━━━ Supplied material ━━━
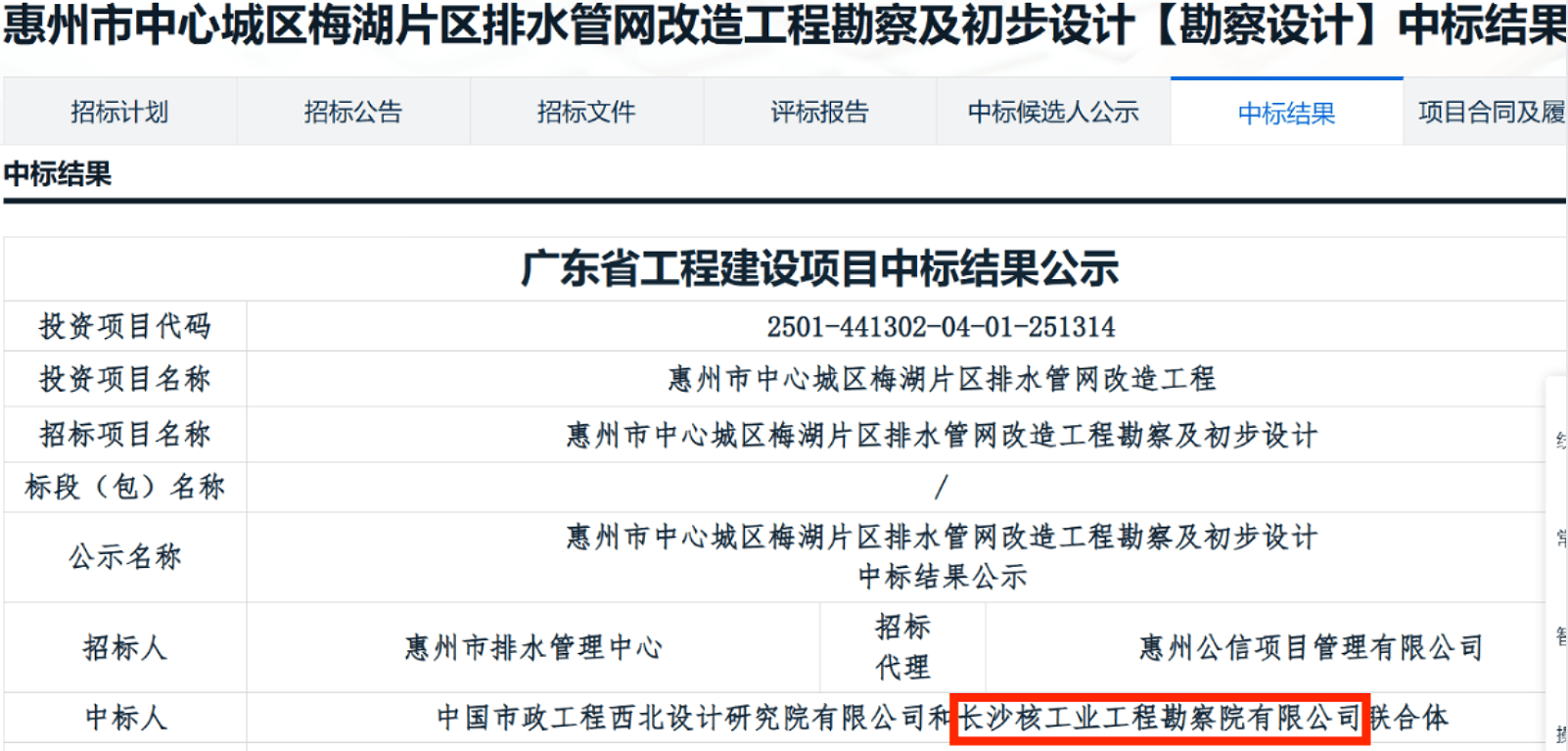 近日,省地质院核地质所长沙核工业工程勘察院有限公司与中国市政工程西北设计研究院有限公司组建联合体,成功中标“惠州市中心城区梅湖片区排水管网改造工程勘察及初步设计”项目,中标金额约1285万元。
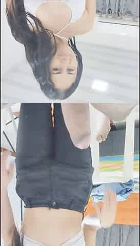Sexy Latina Having Fun Trying on Clothes and Cutting Them.
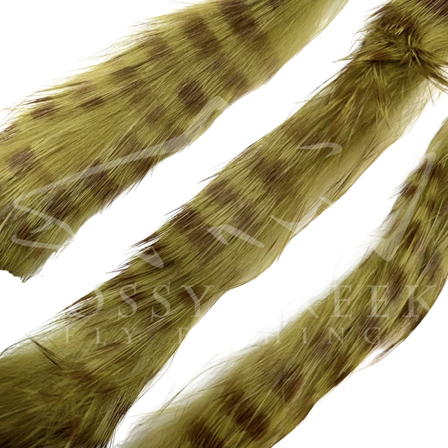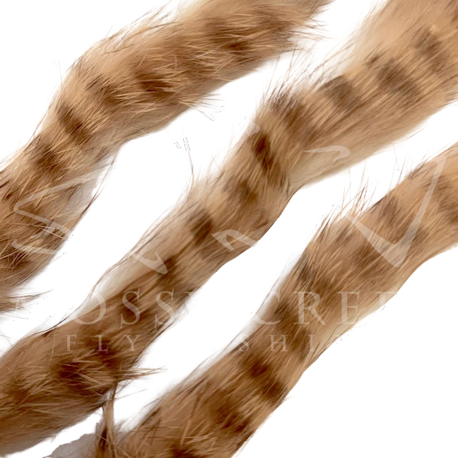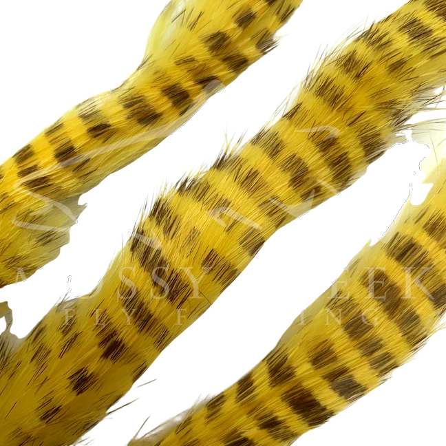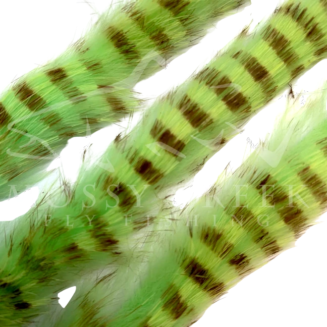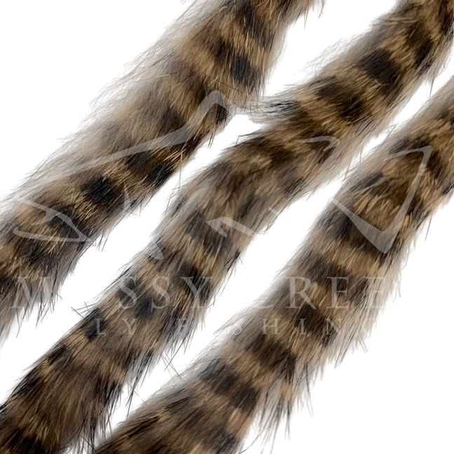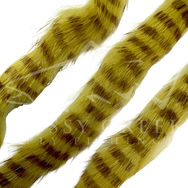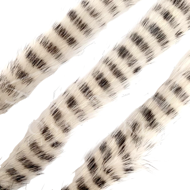 Gorgeously barred rabbit zonker strips. Your streamers just got an upgrade! A 1/8″ wide for average to small sized streamers.
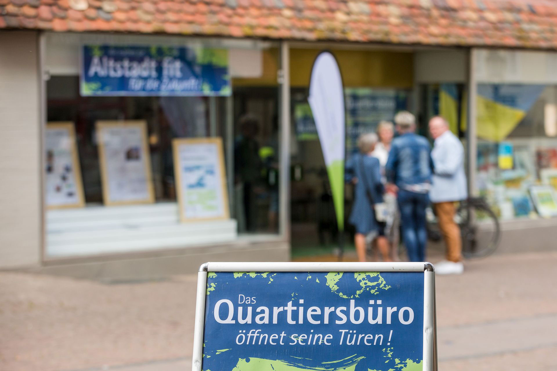 Eröffnung des Quartiersbüros. Dieses wird nun in prominenter Lage am Marktplatz zu finden sein. Gleichzeitig wurde auf das Förderprogramm „Lebendige Zentren" und die damit verknüpften Projekte aufmerksam gemacht. Vor Ort gab es eine Ausstellung der bisher angestoßenen Maßnahmen.
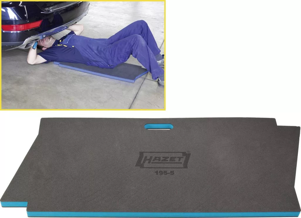 Jellemzők: HAZET logo formájú · Még nagyobb kényelem az új habminőséggel · Kimosható · Nagy alátét szerelők számára · Nem abszorbáló habanyagból, zárt cellákkal · Hordozófüllel.
━━━
Exercise prompt: Beginning with the line that contains "Gorgeously barred rabbit" and ending with the final line of the entries, every line must be copied exactly; the pictures must not.

The completed task:
 Gorgeously barred rabbit zonker strips. Your streamers just got an upgrade! A 1/8″ wide for average to small sized streamers.
 Eröffnung des Quartiersbüros. Dieses wird nun in prominenter Lage am Marktplatz zu finden sein. Gleichzeitig wurde auf das Förderprogramm „Lebendige Zentren" und die damit verknüpften Projekte aufmerksam gemacht. Vor Ort gab es eine Ausstellung der bisher angestoßenen Maßnahmen.
 Jellemzők: HAZET logo formájú · Még nagyobb kényelem az új habminőséggel · Kimosható · Nagy alátét szerelők számára · Nem abszorbáló habanyagból, zárt cellákkal · Hordozófüllel.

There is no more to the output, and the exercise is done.